**TASK DESCRIPTION:** Repeat the listing below exactly. Pictures do not belong in the copy.

**MATERIAL PROVIDED:**
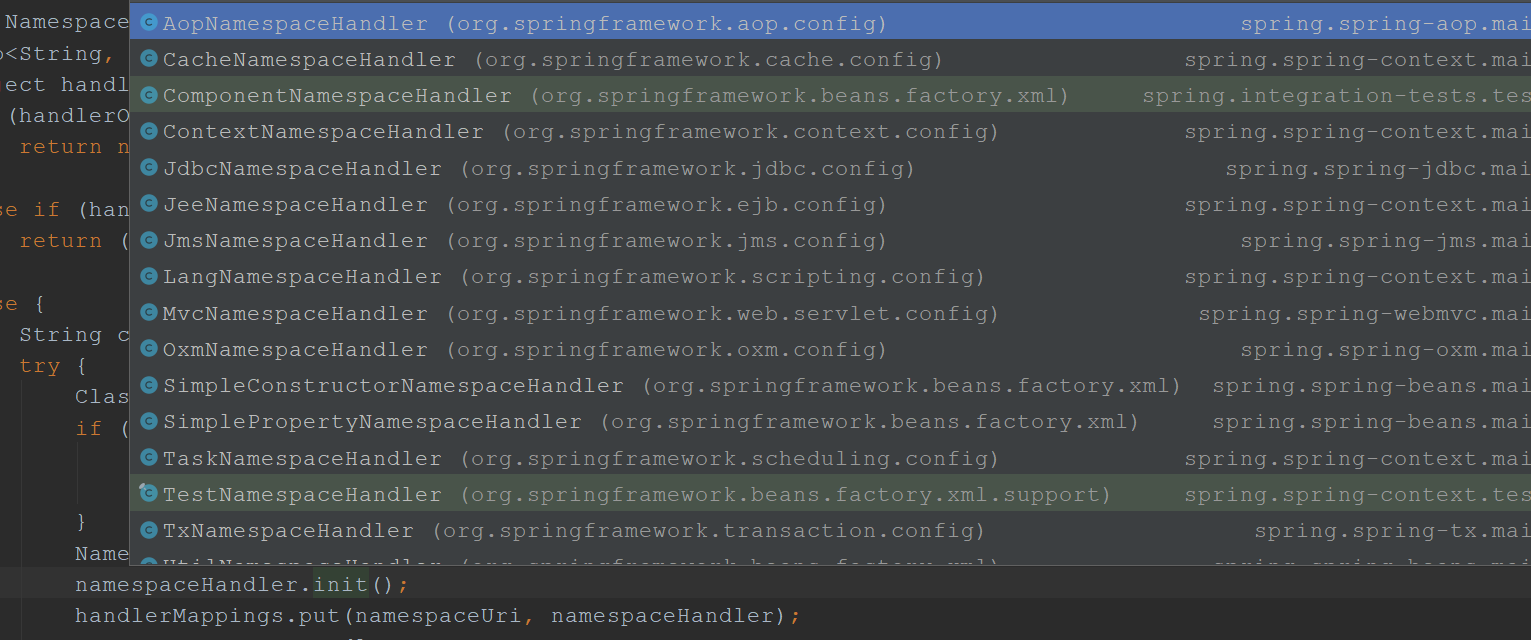 namespaceHandler.init();//执行他的init方法,下面截个图看看有都有哪些
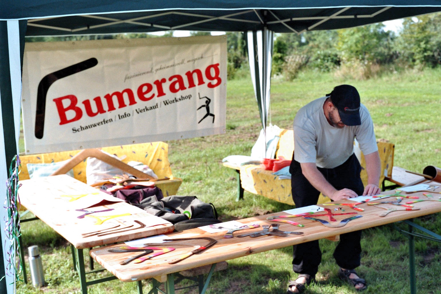 Dabei wird das Bumerangwerfen erklärt und gezeigt, werden die verschiedenen Arten der Bumerangs vorgeführt, die Disziplinen des Bumerangsports erklärt und einige geschichtliche und kulturelle Hintergründe vermittelt. Auf Wunsch können hinterher Gäste oder Zuschauer unter Anleitung selbst das Bumerangwerfen probieren. |
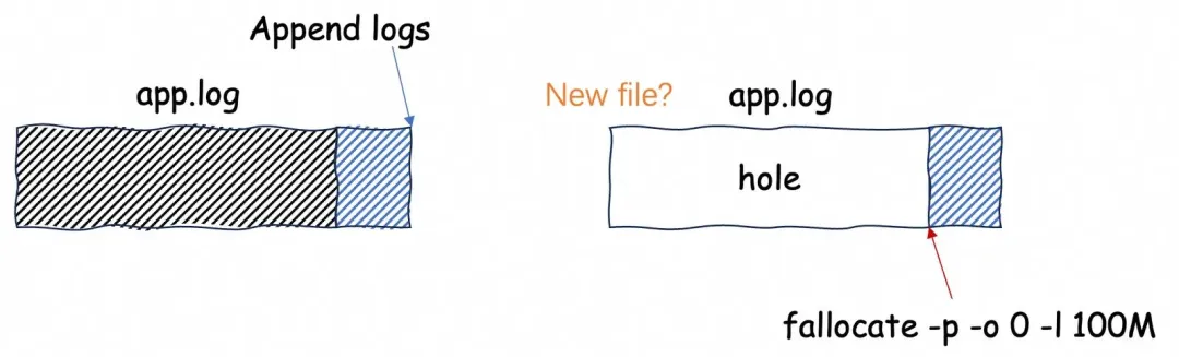 b. 数据完整性问题。创建空洞实际上是用 \0 字符替换了原有内容,可能导致重要的历史日志丢失。

**RESULT FOR THIS TASK:**
 namespaceHandler.init();//执行他的init方法,下面截个图看看有都有哪些
 Dabei wird das Bumerangwerfen erklärt und gezeigt, werden die verschiedenen Arten der Bumerangs vorgeführt, die Disziplinen des Bumerangsports erklärt und einige geschichtliche und kulturelle Hintergründe vermittelt. Auf Wunsch können hinterher Gäste oder Zuschauer unter Anleitung selbst das Bumerangwerfen probieren. |
 b. 数据完整性问题。创建空洞实际上是用 \0 字符替换了原有内容,可能导致重要的历史日志丢失。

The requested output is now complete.